(DATA LISTING Opens)
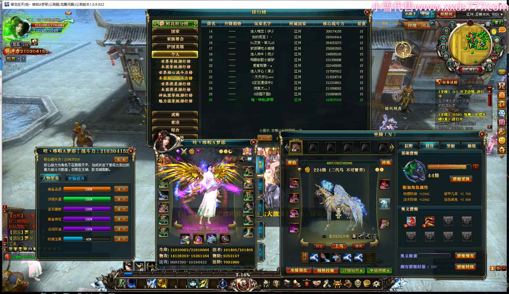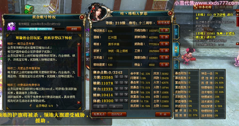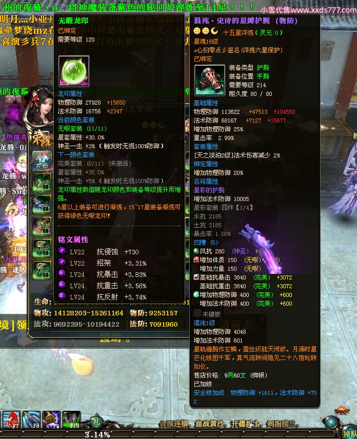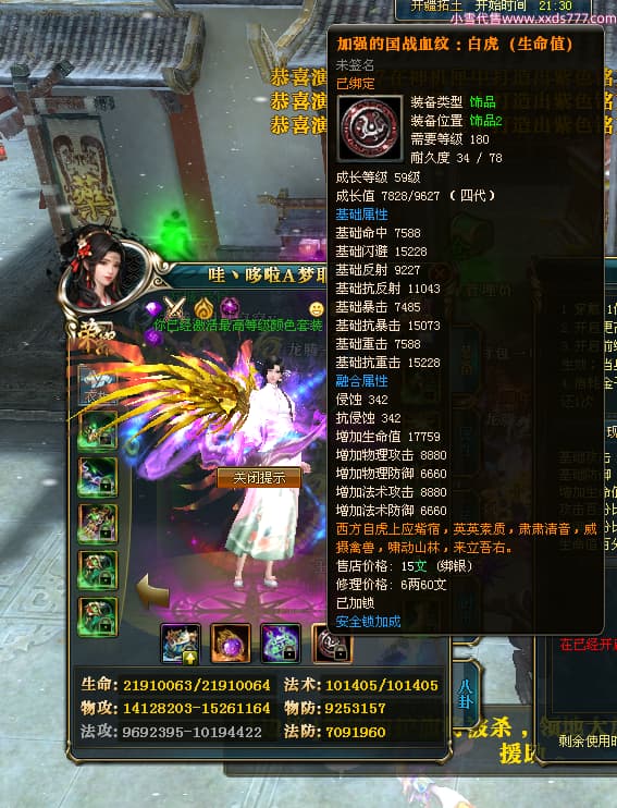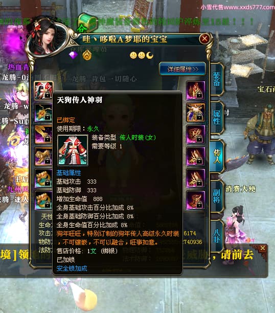 编号T24539 哇丶哆啦A梦耶 龙腾问鼎 江州 本国排名26名 21030W战力 人物黄金极品橙15X(8件混沌) 传人极品紫15X 副将史诗紫15X 马黄金普通橙12X 极品紫15披风 人物星魂16级 传人星魂16级 副将星魂6级 马星魂16级 人物铭刻15级 人物点亮16星 马铭刻13级 点亮12星 人绿龙印 马黄龙印 六等单双属性神圣完美无瑕石头 黄绿孔 已开完永久15星套 可以转移百分百安全
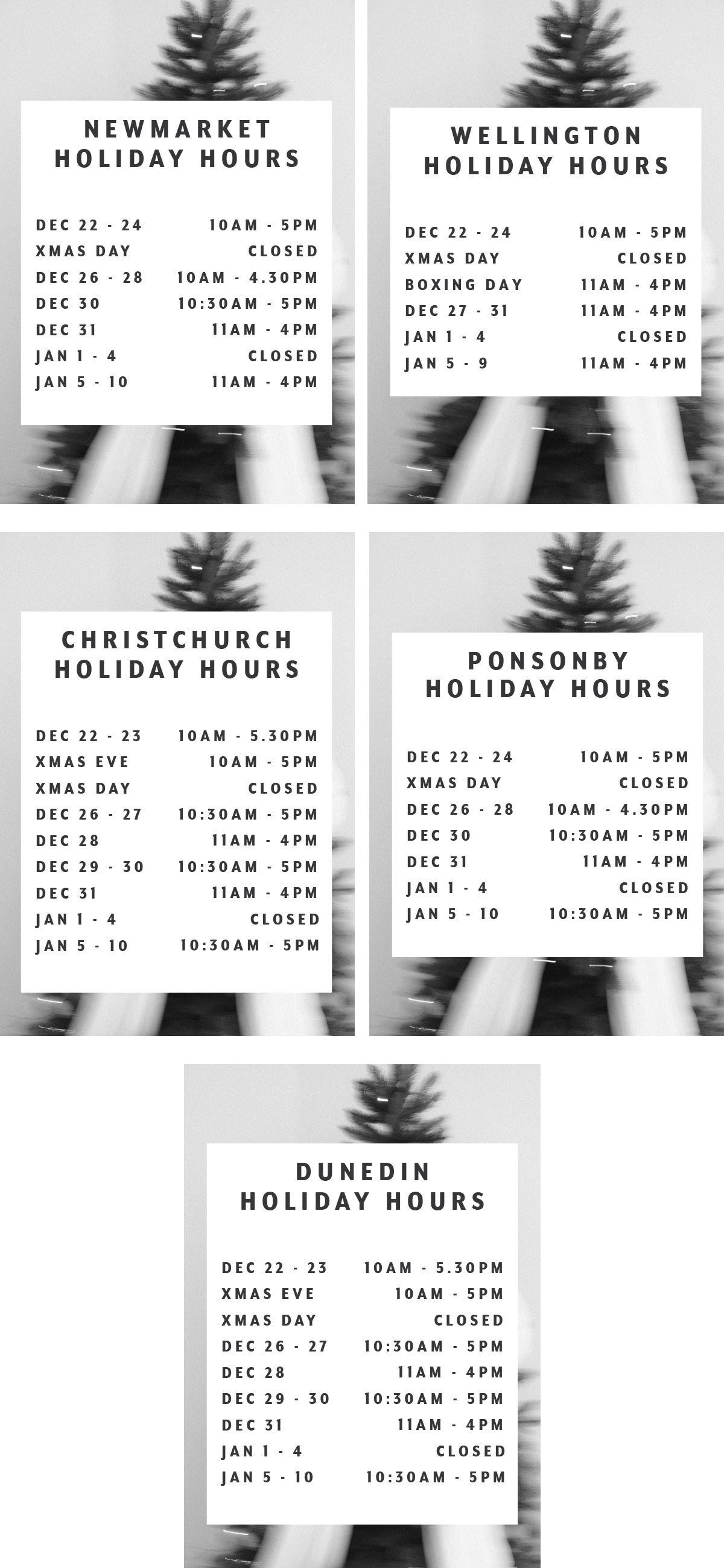 Come see us this festive season! Make the most of your time off these summer holidays, and come have a look at your favourite taylor store to find some special pieces for yourself! Our stores are open their normal hours you can see here apart from the dates listed below.
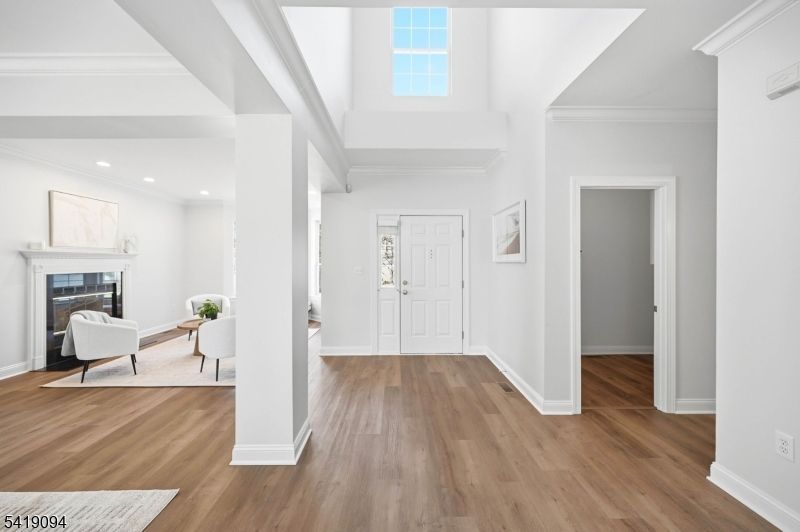 Welcome to this spacious 4 bedroom, 2.5 bath colonial style home set in desirable Reservoir Ridge. This home offers three finished levels of living space and a functional, flexible layout ideal for today's lifestyle. The main level features a brand new, completely renovated eat in kitchen with custom cabinetry, quartz countertops, and stainless appliances, along with a sunlit dining area and glass doors leading to the patio. The kitchen flows seamlessly into a bright great room with an abundance of windows and a wood burning fireplace, perfectly capturing the scenic backdrop. A spacious main floor primary suite offers a stunning new bathroom with a floating tub and step free shower. A formal living room with a second wood burning fireplace, dining room, laundry room, mudroom, and powder room complete the first level. Upstairs are three spacious bedrooms and another full bath. The home features new flooring throughout and has been professionally painted, creating a fresh, move in ready feel. The finished basement offers approximately 1000 sq ft of additional living space, a wet bar, and cedar closet, ideal for recreation, gym, or guests. Additional highlights include a two car garage, new roof, new HVAC, new HWH, and rare lift access from the garage to the main level. Ideally located with easy access to major highways, shopping, dining, and public transportation, this home is perfectly situated for today's commuter.
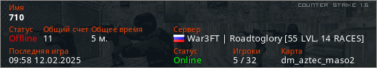 Играет на Counter Strike 1.6 сервере. Страна: РоссияПервый раз замечен 09:52 12.02.2025
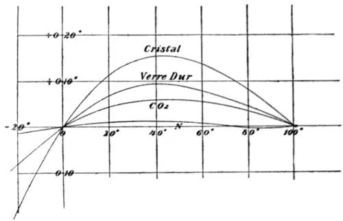 According to some unpublished observations made by the writer in 1893–1894, the scale of an English flint-glass thermometer, tested by comparison with a platinum thermometer, does not differ from that of the constant-pressure air thermometer by more than one or two hundredths of a degree between 0° and 100° C. But for the comparison of the scales to be of any value, it would be necessary to study a large number of such thermometers. It is possible to obtain much more consistent results if the thermometers are not heated above 50° C.
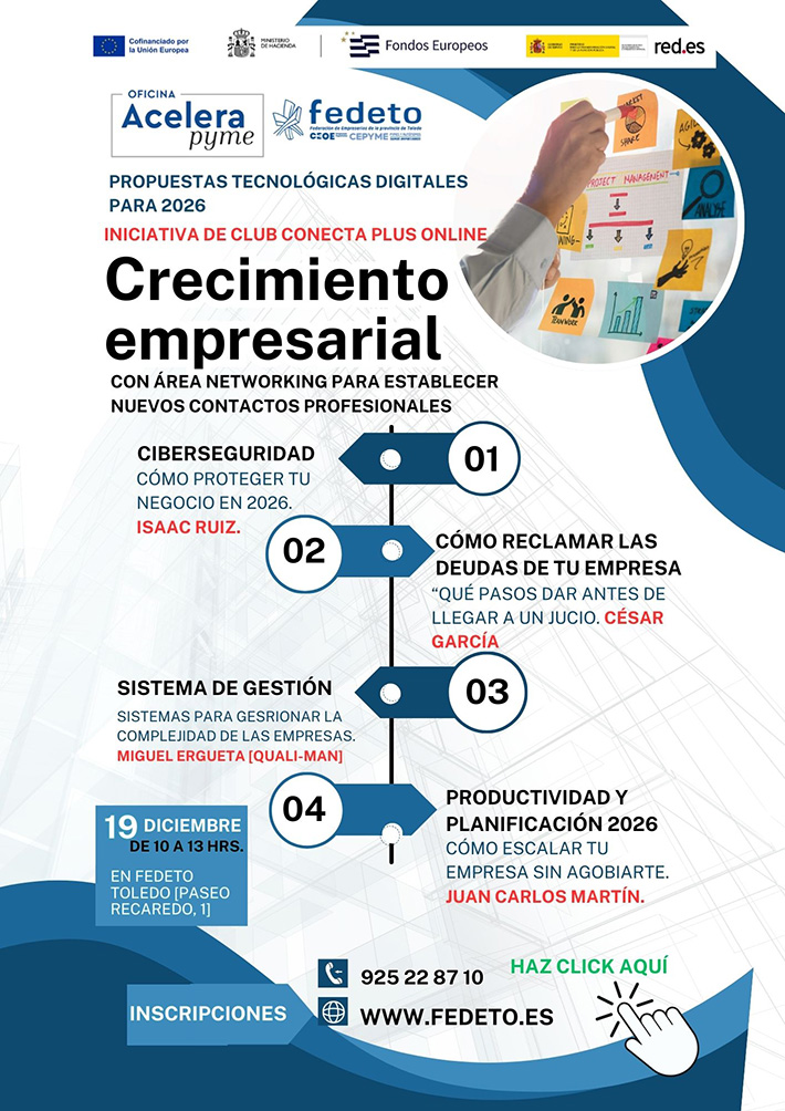 INFORMACIÓN BÁSICA DE PROTECCION DE DATOS Le informamos que sus datos serán tratados por FEDETO CEOE CEPYME TOLEDO - G45024866, con la finalidad de gestionar su inscripción. Usted tiene los derechos de acceso, rectificación, portabilidad, supresión, limitación y oposición al tratamiento, así como el derecho a retirar su consentimiento en cualquier momento. En la política de privacidad de la web puede obtener información ampliada sobre cómo tratamos sus datos, y cómo puede ejercer sus derechos de protección de datos.
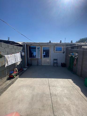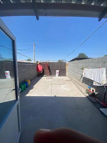 - Отдельностоящий одноэтажный дом с закрытым внутренним двором из бетона и откатными воротами. Высокие стены по периметру, навес у входа, удобные подъезд и место для парковки/хозяйственных нужд.
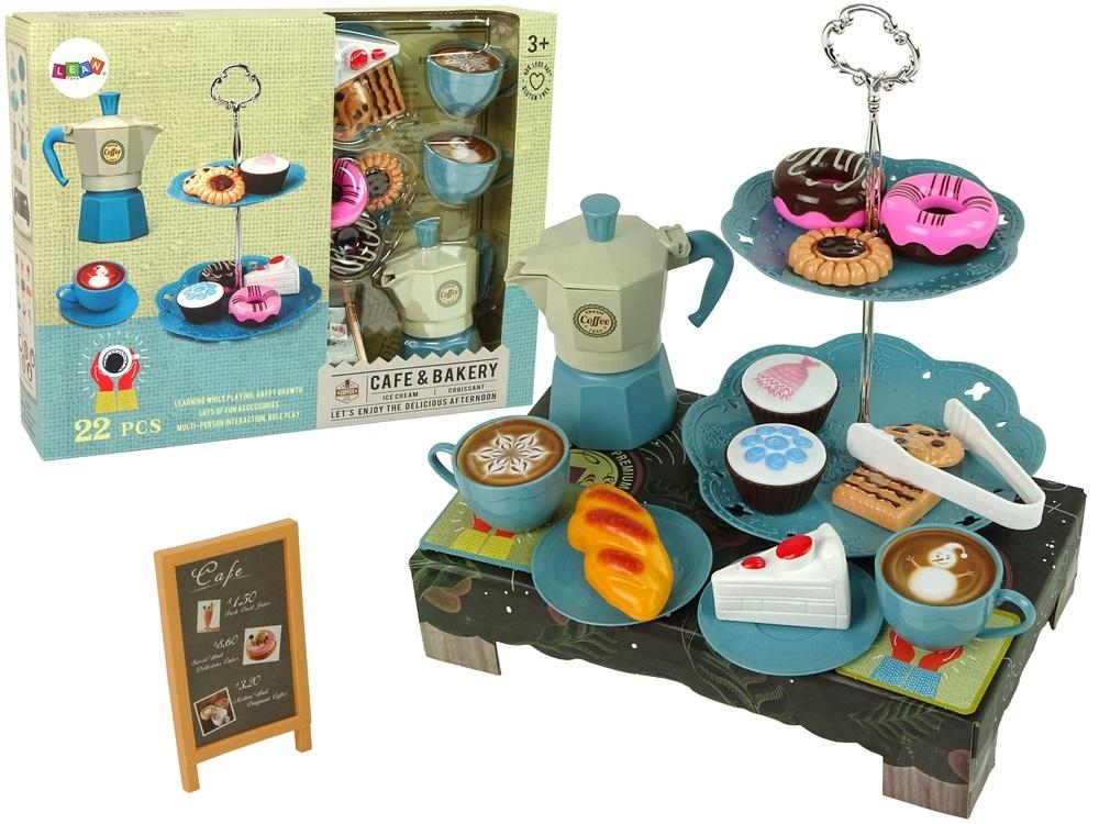 Zestaw wykonany został w pięknej kolorystyce, a ciasteczka i donuty wyglądają apetycznie. Serwis posiada także różne wzory nakładek na kawę, maluch może zostać profesjonalnym baristą i serwować kawę z różnymi wzorami. Dwupoziomowa patera pozwoli ułożenie wszystkich słodkości, aby pięknie się prezentowały. Tabliczka natomiast z dostępnymi słodyczami będzie jednym z akcesoriów potrzebnych do zabawy w kawiarnie. Czas na zabawę.
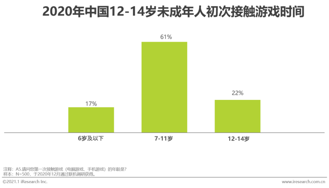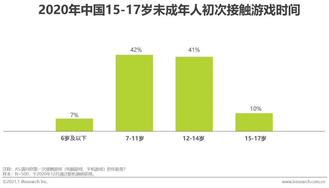 根据调研,未成年人首次触游年龄下降较为明显。2020年,15-17岁有游戏习惯的未成年人约有49%在11岁前初次接触网络游戏,而在12-14岁年龄段,这个比例升至78%。受电子设备的普及和社会客观条件变化的影响,未成年人首次接触网络游戏时间向低龄化发展。
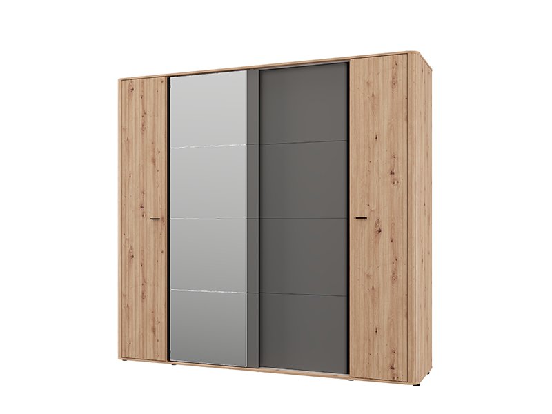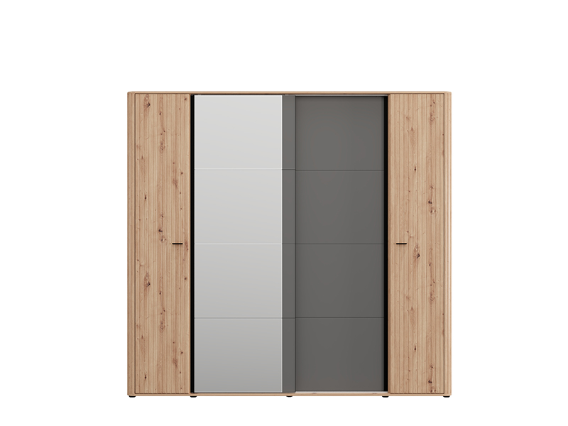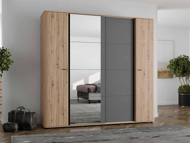 "Der Kleiderschrank SINOP 150 KL2K OG h217, ausgeführt in der Kombination der Dekore Artisan-Eiche, Artisan-Eiche-Folie, Graphitgrau und Schwarzholz-Dekor, verleiht dem Schlafzimmer ein modernes und anspruchsvolles Erscheinungsbild und betont den Kontrast sowie die klar definierte geometrische Designlinie.
(DATA LISTING Closes)
With the images omitted, output all entries exactly as given.

 编号T24539 哇丶哆啦A梦耶 龙腾问鼎 江州 本国排名26名 21030W战力 人物黄金极品橙15X(8件混沌) 传人极品紫15X 副将史诗紫15X 马黄金普通橙12X 极品紫15披风 人物星魂16级 传人星魂16级 副将星魂6级 马星魂16级 人物铭刻15级 人物点亮16星 马铭刻13级 点亮12星 人绿龙印 马黄龙印 六等单双属性神圣完美无瑕石头 黄绿孔 已开完永久15星套 可以转移百分百安全
 Come see us this festive season! Make the most of your time off these summer holidays, and come have a look at your favourite taylor store to find some special pieces for yourself! Our stores are open their normal hours you can see here apart from the dates listed below.
 Welcome to this spacious 4 bedroom, 2.5 bath colonial style home set in desirable Reservoir Ridge. This home offers three finished levels of living space and a functional, flexible layout ideal for today's lifestyle. The main level features a brand new, completely renovated eat in kitchen with custom cabinetry, quartz countertops, and stainless appliances, along with a sunlit dining area and glass doors leading to the patio. The kitchen flows seamlessly into a bright great room with an abundance of windows and a wood burning fireplace, perfectly capturing the scenic backdrop. A spacious main floor primary suite offers a stunning new bathroom with a floating tub and step free shower. A formal living room with a second wood burning fireplace, dining room, laundry room, mudroom, and powder room complete the first level. Upstairs are three spacious bedrooms and another full bath. The home features new flooring throughout and has been professionally painted, creating a fresh, move in ready feel. The finished basement offers approximately 1000 sq ft of additional living space, a wet bar, and cedar closet, ideal for recreation, gym, or guests. Additional highlights include a two car garage, new roof, new HVAC, new HWH, and rare lift access from the garage to the main level. Ideally located with easy access to major highways, shopping, dining, and public transportation, this home is perfectly situated for today's commuter.
 Играет на Counter Strike 1.6 сервере. Страна: РоссияПервый раз замечен 09:52 12.02.2025
 According to some unpublished observations made by the writer in 1893–1894, the scale of an English flint-glass thermometer, tested by comparison with a platinum thermometer, does not differ from that of the constant-pressure air thermometer by more than one or two hundredths of a degree between 0° and 100° C. But for the comparison of the scales to be of any value, it would be necessary to study a large number of such thermometers. It is possible to obtain much more consistent results if the thermometers are not heated above 50° C.
 INFORMACIÓN BÁSICA DE PROTECCION DE DATOS Le informamos que sus datos serán tratados por FEDETO CEOE CEPYME TOLEDO - G45024866, con la finalidad de gestionar su inscripción. Usted tiene los derechos de acceso, rectificación, portabilidad, supresión, limitación y oposición al tratamiento, así como el derecho a retirar su consentimiento en cualquier momento. En la política de privacidad de la web puede obtener información ampliada sobre cómo tratamos sus datos, y cómo puede ejercer sus derechos de protección de datos.
 - Отдельностоящий одноэтажный дом с закрытым внутренним двором из бетона и откатными воротами. Высокие стены по периметру, навес у входа, удобные подъезд и место для парковки/хозяйственных нужд.
 Zestaw wykonany został w pięknej kolorystyce, a ciasteczka i donuty wyglądają apetycznie. Serwis posiada także różne wzory nakładek na kawę, maluch może zostać profesjonalnym baristą i serwować kawę z różnymi wzorami. Dwupoziomowa patera pozwoli ułożenie wszystkich słodkości, aby pięknie się prezentowały. Tabliczka natomiast z dostępnymi słodyczami będzie jednym z akcesoriów potrzebnych do zabawy w kawiarnie. Czas na zabawę.
 根据调研,未成年人首次触游年龄下降较为明显。2020年,15-17岁有游戏习惯的未成年人约有49%在11岁前初次接触网络游戏,而在12-14岁年龄段,这个比例升至78%。受电子设备的普及和社会客观条件变化的影响,未成年人首次接触网络游戏时间向低龄化发展。
 "Der Kleiderschrank SINOP 150 KL2K OG h217, ausgeführt in der Kombination der Dekore Artisan-Eiche, Artisan-Eiche-Folie, Graphitgrau und Schwarzholz-Dekor, verleiht dem Schlafzimmer ein modernes und anspruchsvolles Erscheinungsbild und betont den Kontrast sowie die klar definierte geometrische Designlinie.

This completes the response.